------ GIVEN DATA
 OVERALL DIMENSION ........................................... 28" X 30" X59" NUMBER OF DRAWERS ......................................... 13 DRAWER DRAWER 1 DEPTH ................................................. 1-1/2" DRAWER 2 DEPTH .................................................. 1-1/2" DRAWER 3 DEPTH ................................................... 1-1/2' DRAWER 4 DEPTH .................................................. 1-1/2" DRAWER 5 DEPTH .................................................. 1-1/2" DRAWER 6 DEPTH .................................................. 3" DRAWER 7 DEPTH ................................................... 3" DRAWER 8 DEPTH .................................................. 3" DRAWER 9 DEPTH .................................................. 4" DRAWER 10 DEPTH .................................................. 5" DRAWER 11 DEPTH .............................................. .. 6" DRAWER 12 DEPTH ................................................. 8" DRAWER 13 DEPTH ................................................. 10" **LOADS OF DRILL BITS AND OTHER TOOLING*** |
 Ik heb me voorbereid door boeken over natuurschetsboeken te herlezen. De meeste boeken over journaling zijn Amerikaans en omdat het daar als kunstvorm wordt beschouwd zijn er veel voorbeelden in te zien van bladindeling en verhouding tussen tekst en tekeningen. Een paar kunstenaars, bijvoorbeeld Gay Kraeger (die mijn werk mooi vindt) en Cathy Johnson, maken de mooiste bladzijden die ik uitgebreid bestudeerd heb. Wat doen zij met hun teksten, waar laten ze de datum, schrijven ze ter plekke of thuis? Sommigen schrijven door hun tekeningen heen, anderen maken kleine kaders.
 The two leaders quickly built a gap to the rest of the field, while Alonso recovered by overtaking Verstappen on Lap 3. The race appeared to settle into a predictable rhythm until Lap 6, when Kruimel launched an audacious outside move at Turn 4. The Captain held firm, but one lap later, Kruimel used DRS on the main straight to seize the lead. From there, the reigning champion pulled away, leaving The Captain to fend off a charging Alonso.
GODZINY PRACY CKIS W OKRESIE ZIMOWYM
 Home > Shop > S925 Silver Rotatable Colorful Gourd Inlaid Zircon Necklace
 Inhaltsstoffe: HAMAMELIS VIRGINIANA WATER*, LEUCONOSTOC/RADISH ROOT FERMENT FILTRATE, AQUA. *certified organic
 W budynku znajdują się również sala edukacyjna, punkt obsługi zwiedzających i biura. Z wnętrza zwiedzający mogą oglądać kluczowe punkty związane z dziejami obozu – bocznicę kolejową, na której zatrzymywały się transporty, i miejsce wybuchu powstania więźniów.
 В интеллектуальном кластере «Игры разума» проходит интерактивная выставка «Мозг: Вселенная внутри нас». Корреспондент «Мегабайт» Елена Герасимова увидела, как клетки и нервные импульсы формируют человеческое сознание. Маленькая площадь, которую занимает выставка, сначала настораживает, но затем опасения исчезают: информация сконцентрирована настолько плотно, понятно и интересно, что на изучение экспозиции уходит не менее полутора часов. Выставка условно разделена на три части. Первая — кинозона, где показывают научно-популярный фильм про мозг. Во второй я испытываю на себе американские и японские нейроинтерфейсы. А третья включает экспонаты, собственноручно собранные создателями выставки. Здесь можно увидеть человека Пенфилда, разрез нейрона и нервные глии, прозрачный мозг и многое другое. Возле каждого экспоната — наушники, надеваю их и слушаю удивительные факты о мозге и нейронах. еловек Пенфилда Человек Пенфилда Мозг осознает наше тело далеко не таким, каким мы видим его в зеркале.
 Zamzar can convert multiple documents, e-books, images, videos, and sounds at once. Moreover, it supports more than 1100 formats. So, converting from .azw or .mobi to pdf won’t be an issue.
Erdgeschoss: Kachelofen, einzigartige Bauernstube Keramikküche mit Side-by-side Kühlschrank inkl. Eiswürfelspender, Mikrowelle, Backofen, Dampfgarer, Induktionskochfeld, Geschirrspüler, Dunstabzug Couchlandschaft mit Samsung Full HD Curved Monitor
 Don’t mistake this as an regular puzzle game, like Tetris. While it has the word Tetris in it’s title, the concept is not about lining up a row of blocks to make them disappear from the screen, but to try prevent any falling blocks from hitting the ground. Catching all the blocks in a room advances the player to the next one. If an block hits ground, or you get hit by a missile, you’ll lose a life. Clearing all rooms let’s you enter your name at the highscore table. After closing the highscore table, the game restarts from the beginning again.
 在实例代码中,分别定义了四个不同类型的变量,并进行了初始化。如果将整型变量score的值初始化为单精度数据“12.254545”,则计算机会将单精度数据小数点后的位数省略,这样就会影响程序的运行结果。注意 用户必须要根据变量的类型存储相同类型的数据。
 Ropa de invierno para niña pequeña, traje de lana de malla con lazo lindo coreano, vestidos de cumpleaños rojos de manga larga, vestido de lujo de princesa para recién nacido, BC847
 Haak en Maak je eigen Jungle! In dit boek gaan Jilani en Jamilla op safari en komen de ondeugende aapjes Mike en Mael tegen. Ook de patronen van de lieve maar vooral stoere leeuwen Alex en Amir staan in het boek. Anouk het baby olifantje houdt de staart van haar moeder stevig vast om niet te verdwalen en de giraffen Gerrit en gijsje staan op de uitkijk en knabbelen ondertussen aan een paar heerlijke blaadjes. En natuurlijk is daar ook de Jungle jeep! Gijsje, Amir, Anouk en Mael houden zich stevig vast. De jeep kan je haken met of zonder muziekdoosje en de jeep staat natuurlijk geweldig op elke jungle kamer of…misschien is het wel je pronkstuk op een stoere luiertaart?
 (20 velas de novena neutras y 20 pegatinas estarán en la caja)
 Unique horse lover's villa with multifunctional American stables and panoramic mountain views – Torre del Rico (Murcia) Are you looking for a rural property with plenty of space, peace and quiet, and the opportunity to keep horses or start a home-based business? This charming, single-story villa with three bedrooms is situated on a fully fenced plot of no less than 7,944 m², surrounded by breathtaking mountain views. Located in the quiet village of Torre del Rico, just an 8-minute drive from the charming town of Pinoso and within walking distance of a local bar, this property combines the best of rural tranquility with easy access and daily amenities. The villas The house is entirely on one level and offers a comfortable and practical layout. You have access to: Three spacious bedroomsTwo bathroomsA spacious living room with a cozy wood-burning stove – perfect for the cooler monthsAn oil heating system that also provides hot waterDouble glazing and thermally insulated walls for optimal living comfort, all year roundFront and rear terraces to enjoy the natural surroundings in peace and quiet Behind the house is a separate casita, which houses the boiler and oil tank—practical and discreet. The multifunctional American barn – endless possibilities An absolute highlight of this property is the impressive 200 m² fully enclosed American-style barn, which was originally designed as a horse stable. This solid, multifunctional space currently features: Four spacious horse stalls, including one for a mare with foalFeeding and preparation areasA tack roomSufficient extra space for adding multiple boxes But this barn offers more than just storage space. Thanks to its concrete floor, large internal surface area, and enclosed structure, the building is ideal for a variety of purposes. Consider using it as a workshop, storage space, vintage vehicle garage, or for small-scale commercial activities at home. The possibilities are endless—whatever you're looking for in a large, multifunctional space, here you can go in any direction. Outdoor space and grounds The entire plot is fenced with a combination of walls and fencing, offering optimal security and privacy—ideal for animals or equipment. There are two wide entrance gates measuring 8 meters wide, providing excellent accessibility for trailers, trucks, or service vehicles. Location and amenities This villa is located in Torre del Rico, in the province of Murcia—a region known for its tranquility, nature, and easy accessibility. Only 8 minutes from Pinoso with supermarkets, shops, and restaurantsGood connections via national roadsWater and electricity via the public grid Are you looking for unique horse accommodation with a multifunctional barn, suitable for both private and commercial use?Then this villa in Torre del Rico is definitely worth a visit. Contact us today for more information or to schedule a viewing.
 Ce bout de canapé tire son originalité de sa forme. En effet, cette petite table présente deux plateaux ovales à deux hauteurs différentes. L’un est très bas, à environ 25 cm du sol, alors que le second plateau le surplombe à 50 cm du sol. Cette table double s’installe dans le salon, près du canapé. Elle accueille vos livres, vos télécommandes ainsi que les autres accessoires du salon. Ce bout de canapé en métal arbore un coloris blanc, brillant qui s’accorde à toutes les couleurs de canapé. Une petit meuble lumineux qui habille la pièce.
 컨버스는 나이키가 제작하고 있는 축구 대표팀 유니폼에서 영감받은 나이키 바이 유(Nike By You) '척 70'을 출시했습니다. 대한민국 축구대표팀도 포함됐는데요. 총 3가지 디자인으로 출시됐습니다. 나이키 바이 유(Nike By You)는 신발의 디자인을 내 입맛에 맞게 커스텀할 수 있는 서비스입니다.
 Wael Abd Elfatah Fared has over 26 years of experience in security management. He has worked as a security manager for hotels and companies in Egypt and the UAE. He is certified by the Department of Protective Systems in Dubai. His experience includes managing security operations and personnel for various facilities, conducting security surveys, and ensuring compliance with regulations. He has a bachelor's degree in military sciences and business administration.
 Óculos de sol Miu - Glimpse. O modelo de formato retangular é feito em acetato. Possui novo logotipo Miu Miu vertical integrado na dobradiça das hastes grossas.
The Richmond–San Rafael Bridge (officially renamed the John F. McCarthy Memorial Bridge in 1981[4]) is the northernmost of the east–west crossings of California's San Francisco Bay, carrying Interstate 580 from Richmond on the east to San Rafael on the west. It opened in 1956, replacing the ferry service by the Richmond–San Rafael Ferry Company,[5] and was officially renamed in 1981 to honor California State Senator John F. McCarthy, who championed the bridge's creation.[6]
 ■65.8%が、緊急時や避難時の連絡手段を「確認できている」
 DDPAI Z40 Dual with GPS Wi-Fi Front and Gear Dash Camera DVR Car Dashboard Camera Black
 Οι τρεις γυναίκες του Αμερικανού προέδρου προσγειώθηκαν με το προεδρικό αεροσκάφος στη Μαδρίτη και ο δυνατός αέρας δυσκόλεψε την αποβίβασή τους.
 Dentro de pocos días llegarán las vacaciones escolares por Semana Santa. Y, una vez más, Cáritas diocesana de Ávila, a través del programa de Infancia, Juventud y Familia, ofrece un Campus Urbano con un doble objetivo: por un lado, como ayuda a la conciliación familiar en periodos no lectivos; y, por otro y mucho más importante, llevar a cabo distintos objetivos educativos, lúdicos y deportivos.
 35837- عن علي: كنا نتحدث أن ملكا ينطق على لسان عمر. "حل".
------------
## TASK STATEMENT
Search the data above and return each line in which "daar" occurs.

## ANSWER TO THIS PROBLEM
 Ik heb me voorbereid door boeken over natuurschetsboeken te herlezen. De meeste boeken over journaling zijn Amerikaans en omdat het daar als kunstvorm wordt beschouwd zijn er veel voorbeelden in te zien van bladindeling en verhouding tussen tekst en tekeningen. Een paar kunstenaars, bijvoorbeeld Gay Kraeger (die mijn werk mooi vindt) en Cathy Johnson, maken de mooiste bladzijden die ik uitgebreid bestudeerd heb. Wat doen zij met hun teksten, waar laten ze de datum, schrijven ze ter plekke of thuis? Sommigen schrijven door hun tekeningen heen, anderen maken kleine kaders.
 Haak en Maak je eigen Jungle! In dit boek gaan Jilani en Jamilla op safari en komen de ondeugende aapjes Mike en Mael tegen. Ook de patronen van de lieve maar vooral stoere leeuwen Alex en Amir staan in het boek. Anouk het baby olifantje houdt de staart van haar moeder stevig vast om niet te verdwalen en de giraffen Gerrit en gijsje staan op de uitkijk en knabbelen ondertussen aan een paar heerlijke blaadjes. En natuurlijk is daar ook de Jungle jeep! Gijsje, Amir, Anouk en Mael houden zich stevig vast. De jeep kan je haken met of zonder muziekdoosje en de jeep staat natuurlijk geweldig op elke jungle kamer of…misschien is het wel je pronkstuk op een stoere luiertaart?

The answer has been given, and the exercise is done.